A Conservative MP has said Tory MPs are under pressure to pretend they are religious and he could only confess that he was an atheist because he was standing down at the next election.
In a Commons debate on a backbench bill to allow prayers at council meetings James Arbuthnot MP likened concealing his religion to the pressure associated with "keeping quiet about being gay", apparently felt by some of his parliamentary colleagues.
David Cameron claimed last year that he is “evangelical” about his faith and said that religion can have a place helping people to "have a moral code”.
It is a drastic change from the New Labour days, when Alastair Campbell famously declared: “We don’t do god.”
“I believe we should be more confident about our status as a Christian country, more ambitious about expanding the role of faith-based organisations, and, frankly, more evangelical about a faith that compels us to get out there and make a difference to people's lives,” the Prime Minister wrote in the Church Times.
Mr Arbuthnot, the MP for North East Hampshire, grew up in a deeply religious family and was christened and confirmed, but has only revealed his atheism now, after 28 years in the Commons.
While he announced he was standing down in 2011 he has waited until this week to disclose his lack of religion.
“It may be true that the pressure on a Conservative politician particularly of keeping quiet about not being religious is very similar to the pressure that there has been about keeping quiet about being gay,” he said, before emphasising that he was not gay.
Sir Edward Leigh, another former Tory minister, argued that prayers taking into account Britain's Christian heritage could help in the fight against extremism, as "a little religion actually stops outrageous intolerance".
The former aide to Margaret Thatcher claimed Britain's whole foundation was built on Christian values – which should be recognised in local government. "Because otherwise we just lose contact with our history and I think actually in losing contact with our history of tolerance which has been the foundation, the essence of the British state, we actually encourage religious extremism, because often it's the families where there is absolutely no religion that people are led astray sometimes into following bizarre sects and the rest,” he said.
The Private Members' Bill, which had the support of both front benches, passed its remaining stages in the Commons unopposed, and will now go to the House of Lords. Introduced by the Tory MP Jake Berry, the measure would allow councils to conduct prayers the start of their meetings but leaves to each authority decisions about length, format and faith.
Mr Berry said: "I believe and still believe that there is more power in prayer than the stroke of any minister's pen or in fact the power of the chair or any division of this House.”
Once known as “the Tory party at prayer”, the Church of England now has a strained relationship with the Conservative Party and there has been conflict over a number of issues recently, including social security and food banks.
The Archbishop of Canterbury, Justin Welby, was criticised for saying that “hunger stalks this country” last December.
Despite this, Mr Cameron used his Christmas message last year to extol the virtues of religion, praising “those very Christian values of giving, sharing and taking care of others”.
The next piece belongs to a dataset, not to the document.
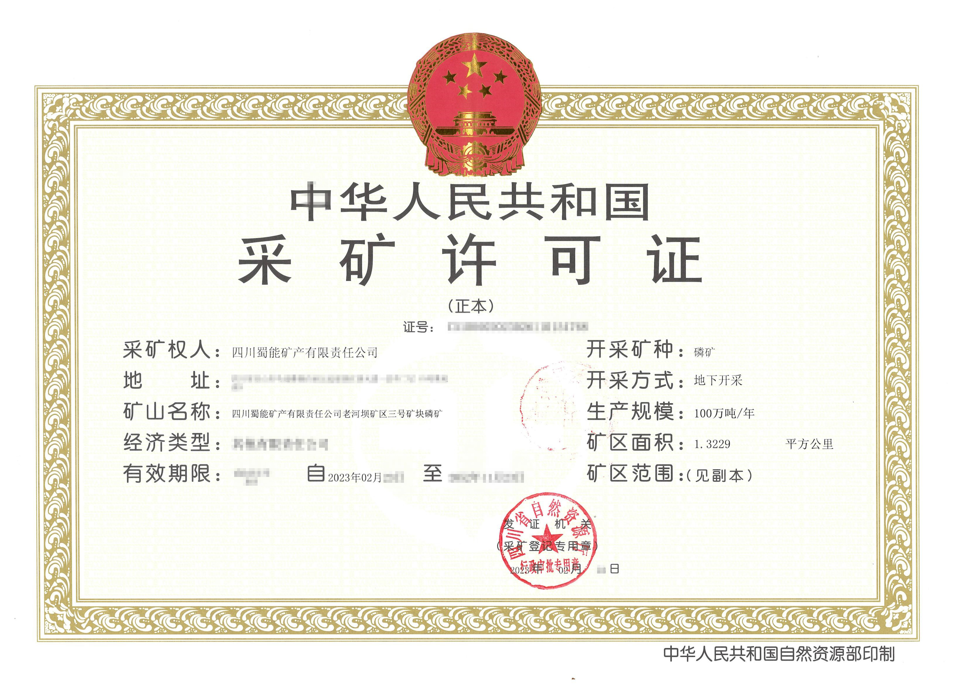 歷時360天,蜀能礦產(chǎn)公司于2023年3月20日取得老河壩礦區(qū)三號礦塊磷礦采礦許可證,這標(biāo)志著公司三號礦山探轉(zhuǎn)采工作在不到一年時間內(nèi)順利完成。目前,礦山設(shè)計及建設(shè)準(zhǔn)備工作等正緊鑼密鼓推進中。

The former junior minister in John Major’s government was speaking during a parliamentary debate on a bill which calls for prayers to be read at the start of council meetings.
He added that there were fears that prayers could be made to Satan, as religions were not discriminated between in the bill.
“The fact that the effect of the public sector equality duty on this bill is at local authority’s choosing to hold religious observance in their meetings will not then be able lawfully to discriminate against the observances of the religion of Satanism,” he said.